[Entries taken from a collection]
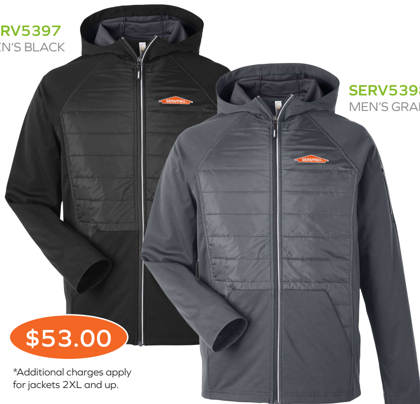
SERV5398 MEN'S GRAPHITE

*Additional charges apply for jackets 2XL and up.
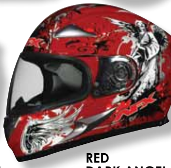
RED DARK ANGEL
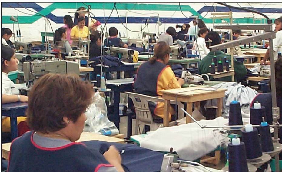
A still from Maquiladora's dramatic climax. Or at least, from a scene maybe near the end of the film.
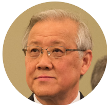
General (Ret.) Li Andong Former Deputy Chief, General Equipment Department, People's Liberation Army
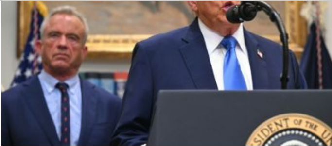
Internet Outrage Over Trump's AI Conspiracy Video
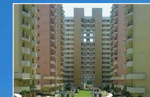
Celebrity Homes, Sec 76, Noida
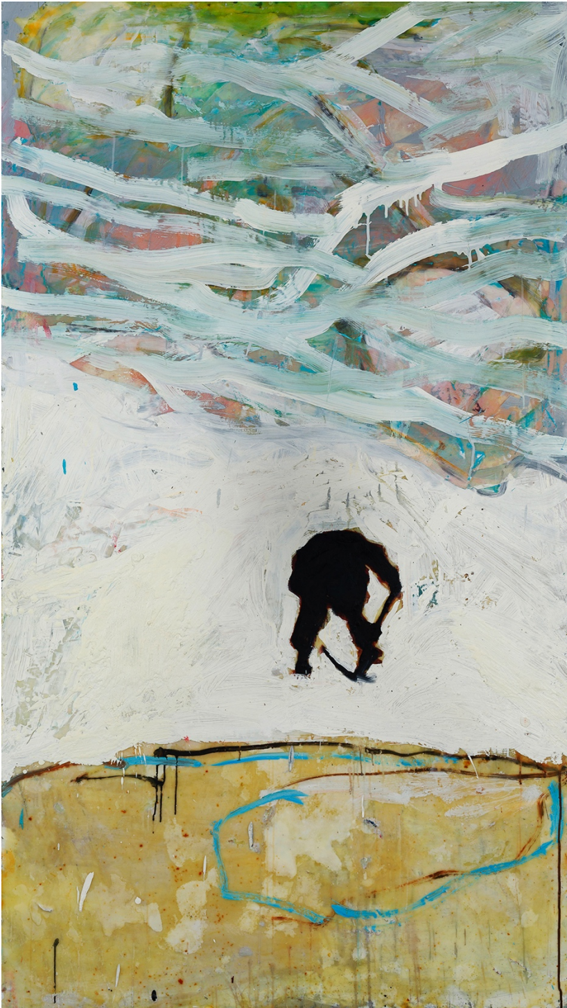
Man Breaking Ice, 2012

Oil and encaustic on cotton covered plywood 200 x 112 cm
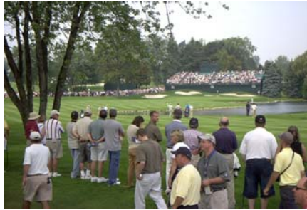
Crowds gathering for the 2003 Yoot

The crowds swell, as a quiet hush falls over the gallery. A bead of sweat forms on your brow as you lean over your ball for a putt to win the 2004 YOOT SHOOT! You slowly pull back your putter and as precise as a grandfather clock pendulum, you strike the ball towards the hole. In the distance you see the ball curving on a perfect arc, slowly rolling right at the heart of the cup. The crowd noise increases in volume as each revolution of the ball gets closer to the cup...at only inches away, the crowd has reached a feverish pitch....suddenly you awake, sitting straight up in a hot sweat, tangled amongst your damp blankets screaming "GO IN BITCH"! Startled, with your heart pounding in your chest you realize it's 3am and you have to get up for work in 3 hours. Sometimes life just throws you a curve now and then. But not to worry, it all may come true in just a few more days! Start packing your bags...The 2004 Yoot Shoot is finally here!
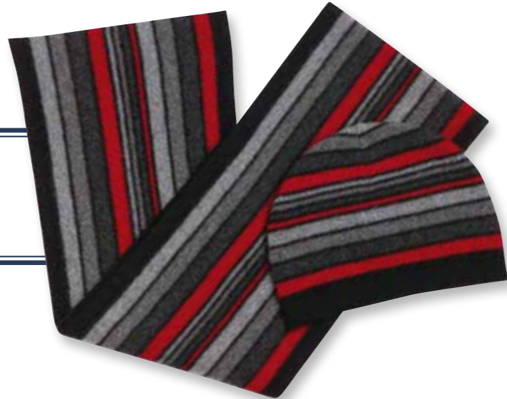
S530 Felted Scarf with Horizontal Stripes H530 Horizontal Striped Hat
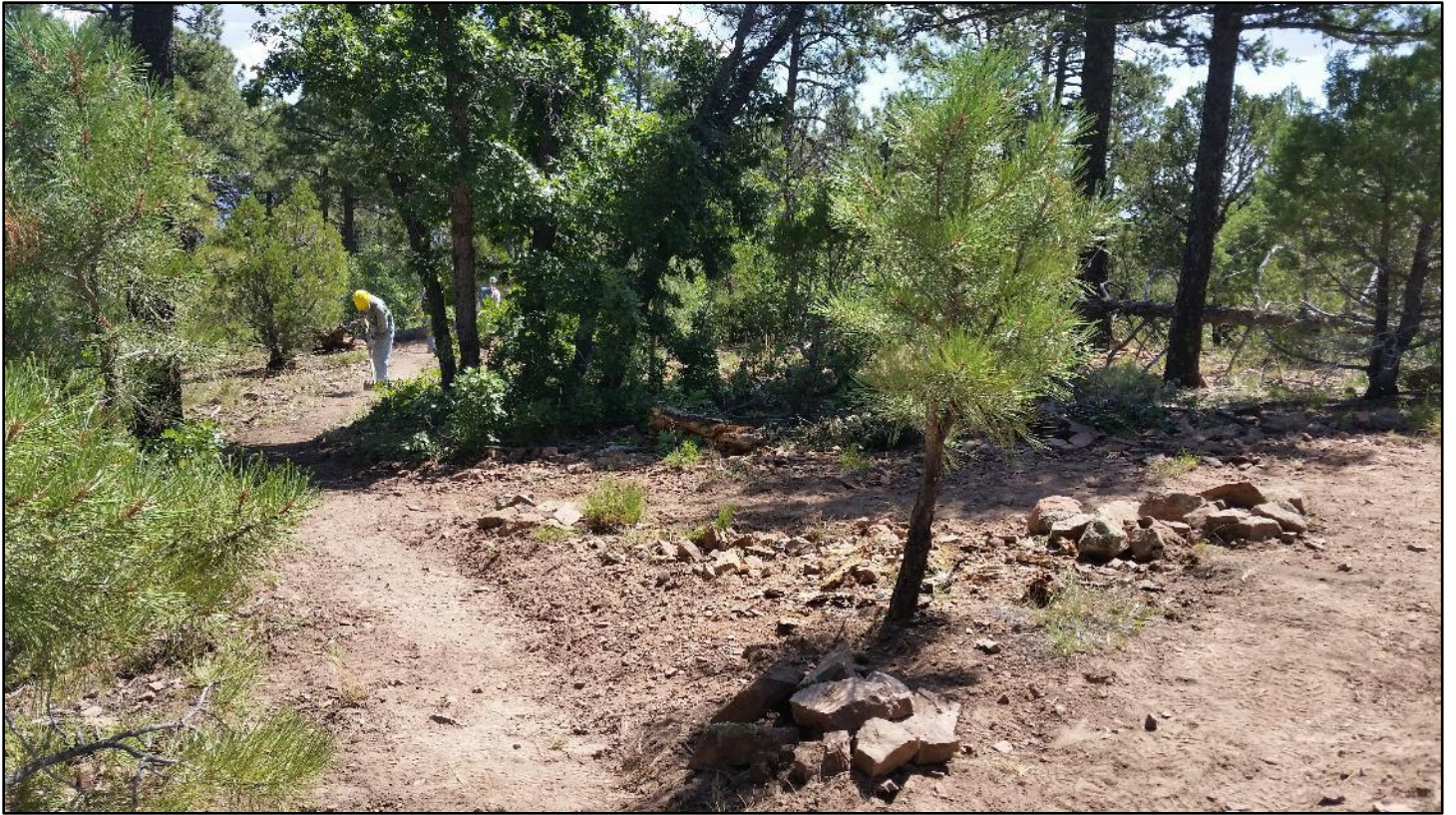
Elk Track comes in from the right to Madera Locura. Now we just need the trail signs.
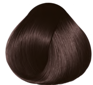
3.0 Dark Chestnut 3283
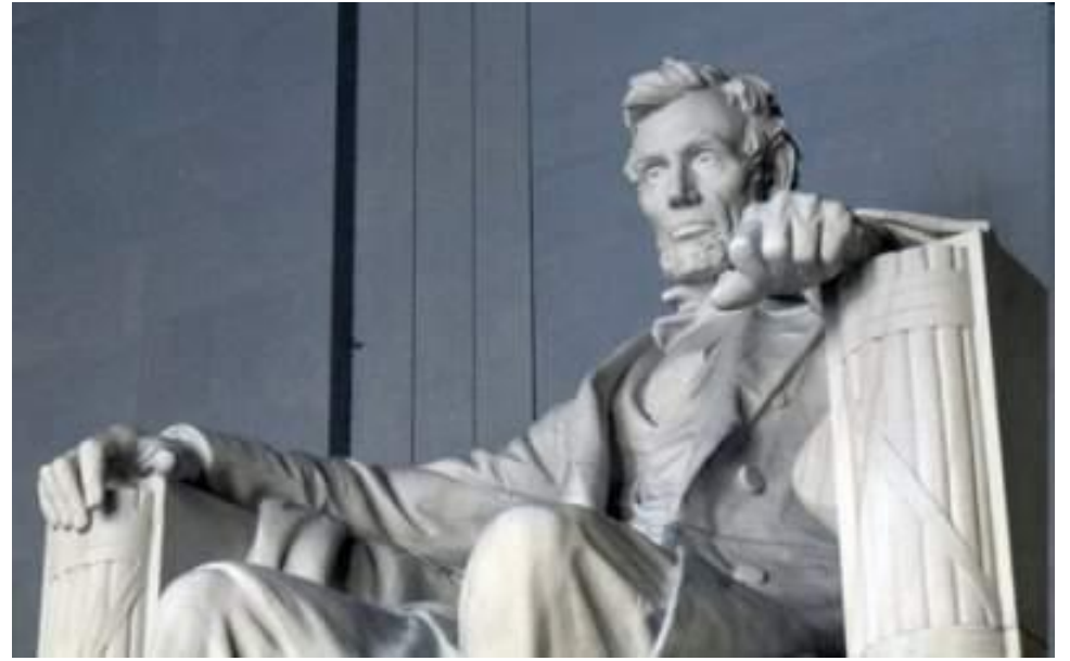
Abraham Lincoln Statue
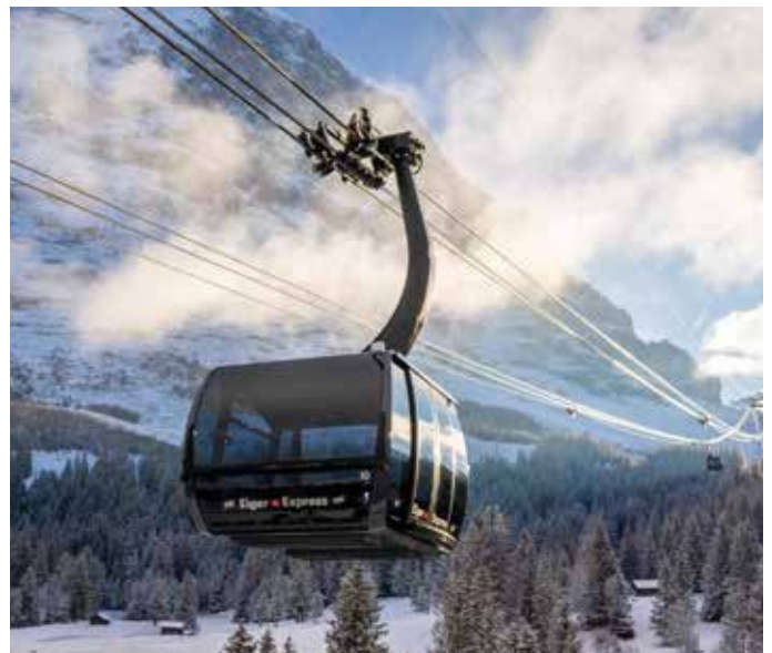
Eiger Express Tri Cable Gondola
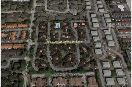
Built in 1985 - 200 units - 2 floors
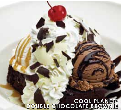
COOL PLANET® DOUBLE CHOCOLATE BROWNIE
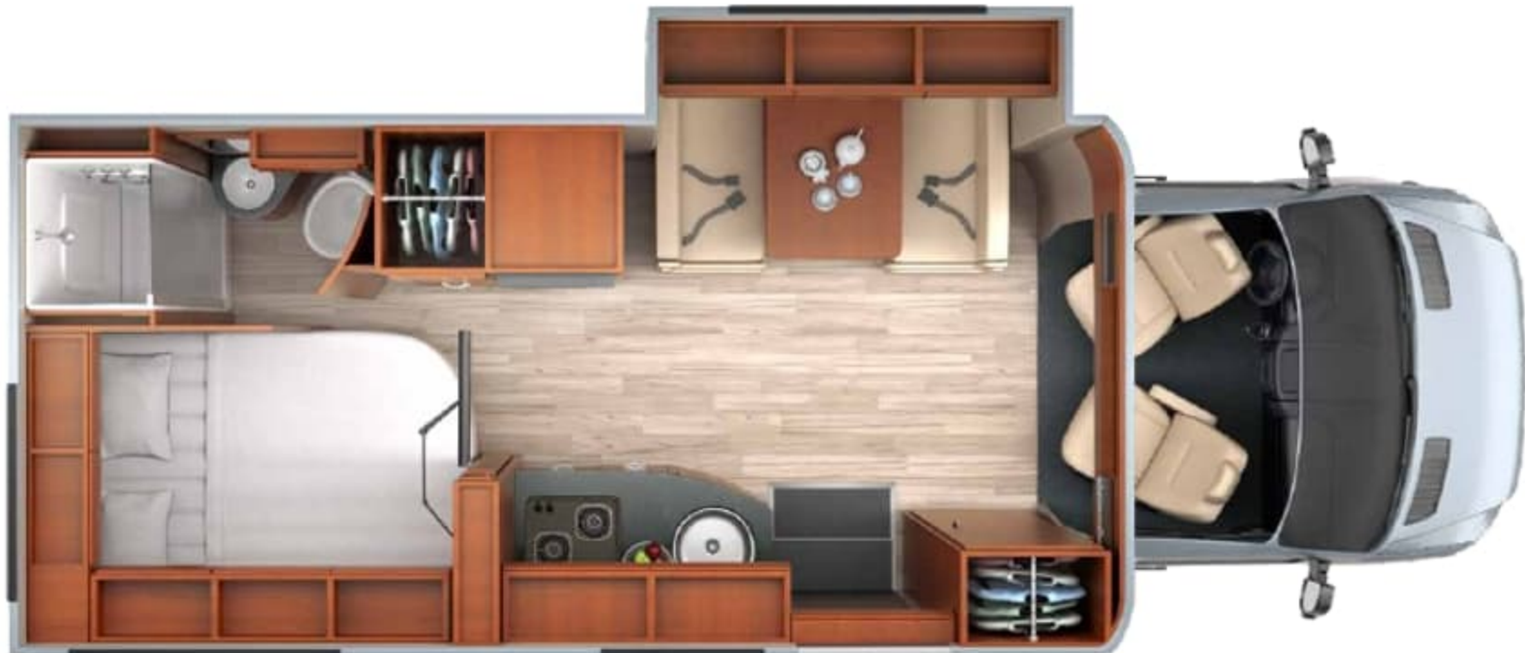
U24CB Corner Bed (Shown with standard Booth Dinette)
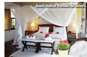
Guest room at Pousada do Outeiro.

Waking up early on my first morning in Bahia, I gazed out of the window as the sun came up. Just beyond my deck was a small path that snaked down to an incredible beach. A little tired from my overnight flight, I decided that an early morning swim in the hotel pool would blow the cobwebs away. Then it was off to the central dining area for a breakfast feast of fresh mangoes, ripe bananas and bright orange papayas. There was yoghurt, muesli, cheese, ham, cakes, quiches and scrambled eggs and I got my first taste of tapioca – in Bahia they fry the tapioca into a sort of pancake and stuff it with cheese, or banana or coconut. It was utterly delicious and the perfect feast to set me up for the day.
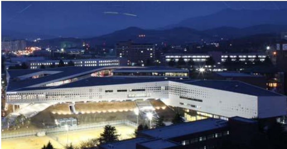
• Lecture Building, 'Star Center'
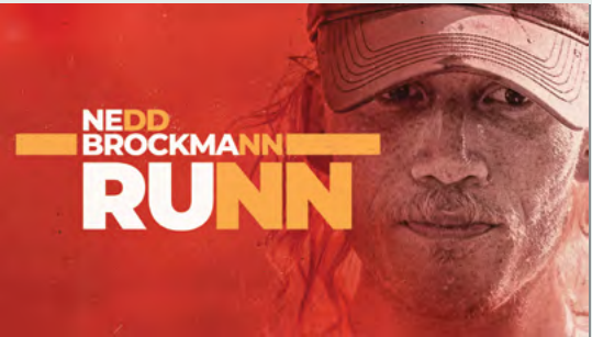
RUNN - THE NEDD BROCKMANN DOCUMENTARY

In the rugged and awe-inspiring landscapes of Australia, Nedd Brockmann, a quintessential Aussie bloke with a wicked sense of humor, embarks on a daring and unprecedented mission: a remarkable solo run spanning the vast continent of Australia.
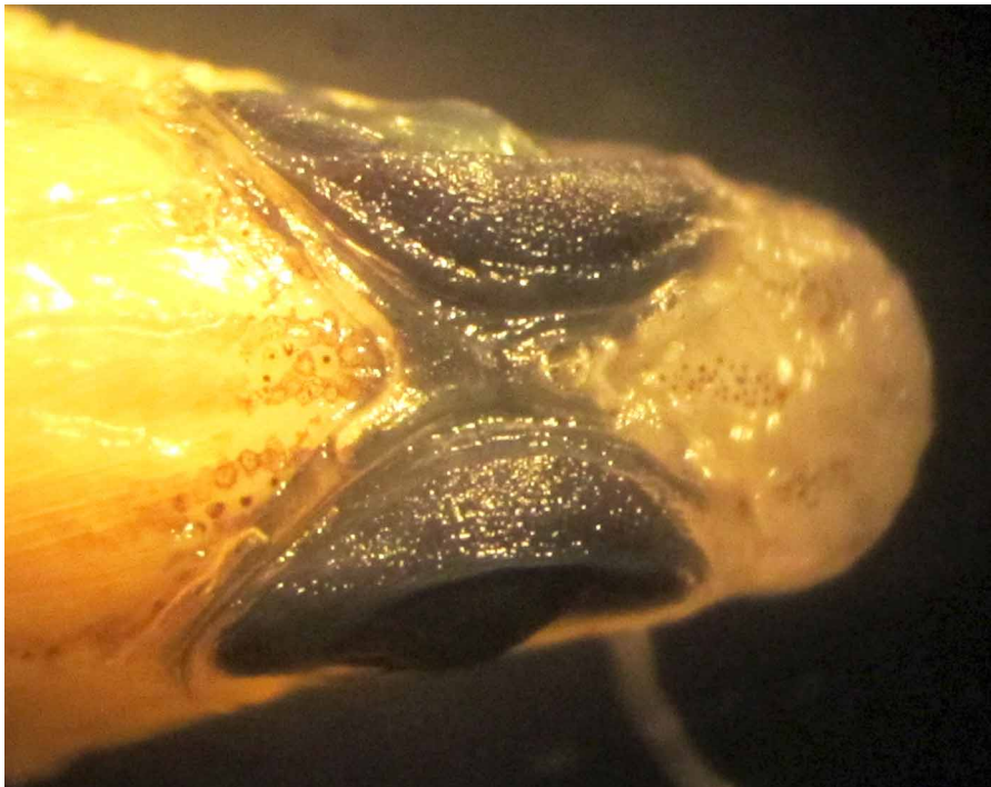
FIGURE 8. Eviota atriventris , head of CAS 233514, paratype, 13.5 mm female.

Color in life (Fig. 1). Background color of body a translucent red-orange. Abdomen black with a bright white horizontal line crossing the center of the black area. A narrow golden line running from the top of the head just above the vertebral column back to the caudal-fin base. Anterior end of this line splitting into two lines extending forward to the eyes. A narrow golden line running from the tip of the snout back across the eye just above the pupil and onto the body above the black area of the abdomen, ending at back of black area. Another short, narrow golden line on eye just below pupil. Ventral surface of body from anal-fin origin to caudal-fin base with a narrow golden line. Ventral surface of head and belly a pale translucent cream. Rays of all fins red-orange, membranes with fine dark chromatophores.
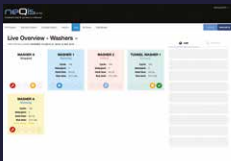
Screen Details - As every customer has different operating requirements, IPR hosts an array of informative screens allowing the user to decide how much information to give operators.

IPR can highlight potential machine issues and provides users with a direct link to our engineers, removing the risk of potential operational issues. Our engineers can be contacted 24/7 via the online chat facility.

### WHAT IS EXPECTED
An exact reproduction of all the records is required, with no pictures included.

### REPLY
SERV5398 MEN'S GRAPHITE

*Additional charges apply for jackets 2XL and up.
RED DARK ANGEL
A still from Maquiladora's dramatic climax. Or at least, from a scene maybe near the end of the film.
General (Ret.) Li Andong Former Deputy Chief, General Equipment Department, People's Liberation Army
Internet Outrage Over Trump's AI Conspiracy Video
Celebrity Homes, Sec 76, Noida
Man Breaking Ice, 2012

Oil and encaustic on cotton covered plywood 200 x 112 cm
Crowds gathering for the 2003 Yoot

The crowds swell, as a quiet hush falls over the gallery. A bead of sweat forms on your brow as you lean over your ball for a putt to win the 2004 YOOT SHOOT! You slowly pull back your putter and as precise as a grandfather clock pendulum, you strike the ball towards the hole. In the distance you see the ball curving on a perfect arc, slowly rolling right at the heart of the cup. The crowd noise increases in volume as each revolution of the ball gets closer to the cup...at only inches away, the crowd has reached a feverish pitch....suddenly you awake, sitting straight up in a hot sweat, tangled amongst your damp blankets screaming "GO IN BITCH"! Startled, with your heart pounding in your chest you realize it's 3am and you have to get up for work in 3 hours. Sometimes life just throws you a curve now and then. But not to worry, it all may come true in just a few more days! Start packing your bags...The 2004 Yoot Shoot is finally here!
S530 Felted Scarf with Horizontal Stripes H530 Horizontal Striped Hat
Elk Track comes in from the right to Madera Locura. Now we just need the trail signs.
3.0 Dark Chestnut 3283
Abraham Lincoln Statue
Eiger Express Tri Cable Gondola
Built in 1985 - 200 units - 2 floors
COOL PLANET® DOUBLE CHOCOLATE BROWNIE
U24CB Corner Bed (Shown with standard Booth Dinette)
Guest room at Pousada do Outeiro.

Waking up early on my first morning in Bahia, I gazed out of the window as the sun came up. Just beyond my deck was a small path that snaked down to an incredible beach. A little tired from my overnight flight, I decided that an early morning swim in the hotel pool would blow the cobwebs away. Then it was off to the central dining area for a breakfast feast of fresh mangoes, ripe bananas and bright orange papayas. There was yoghurt, muesli, cheese, ham, cakes, quiches and scrambled eggs and I got my first taste of tapioca – in Bahia they fry the tapioca into a sort of pancake and stuff it with cheese, or banana or coconut. It was utterly delicious and the perfect feast to set me up for the day.
• Lecture Building, 'Star Center'
RUNN - THE NEDD BROCKMANN DOCUMENTARY

In the rugged and awe-inspiring landscapes of Australia, Nedd Brockmann, a quintessential Aussie bloke with a wicked sense of humor, embarks on a daring and unprecedented mission: a remarkable solo run spanning the vast continent of Australia.
FIGURE 8. Eviota atriventris , head of CAS 233514, paratype, 13.5 mm female.

Color in life (Fig. 1). Background color of body a translucent red-orange. Abdomen black with a bright white horizontal line crossing the center of the black area. A narrow golden line running from the top of the head just above the vertebral column back to the caudal-fin base. Anterior end of this line splitting into two lines extending forward to the eyes. A narrow golden line running from the tip of the snout back across the eye just above the pupil and onto the body above the black area of the abdomen, ending at back of black area. Another short, narrow golden line on eye just below pupil. Ventral surface of body from anal-fin origin to caudal-fin base with a narrow golden line. Ventral surface of head and belly a pale translucent cream. Rays of all fins red-orange, membranes with fine dark chromatophores.
Screen Details - As every customer has different operating requirements, IPR hosts an array of informative screens allowing the user to decide how much information to give operators.

IPR can highlight potential machine issues and provides users with a direct link to our engineers, removing the risk of potential operational issues. Our engineers can be contacted 24/7 via the online chat facility.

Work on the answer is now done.